What needs to be done :: For the material below, return exactly the lines starting at the one holding "活动中,张家庄镇人民政府代表" and ending at the one holding "한편 지난해 횡성군의", counting both as part of the range.

Data for the task ::
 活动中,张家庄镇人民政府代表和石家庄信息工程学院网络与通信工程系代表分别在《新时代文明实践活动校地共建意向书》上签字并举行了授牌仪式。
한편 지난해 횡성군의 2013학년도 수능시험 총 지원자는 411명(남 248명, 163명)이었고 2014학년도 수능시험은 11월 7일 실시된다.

==

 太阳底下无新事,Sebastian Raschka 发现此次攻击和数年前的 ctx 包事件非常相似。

Exercise result ::
 活动中,张家庄镇人民政府代表和石家庄信息工程学院网络与通信工程系代表分别在《新时代文明实践活动校地共建意向书》上签字并举行了授牌仪式。
한편 지난해 횡성군의 2013학년도 수능시험 총 지원자는 411명(남 248명, 163명)이었고 2014학년도 수능시험은 11월 7일 실시된다.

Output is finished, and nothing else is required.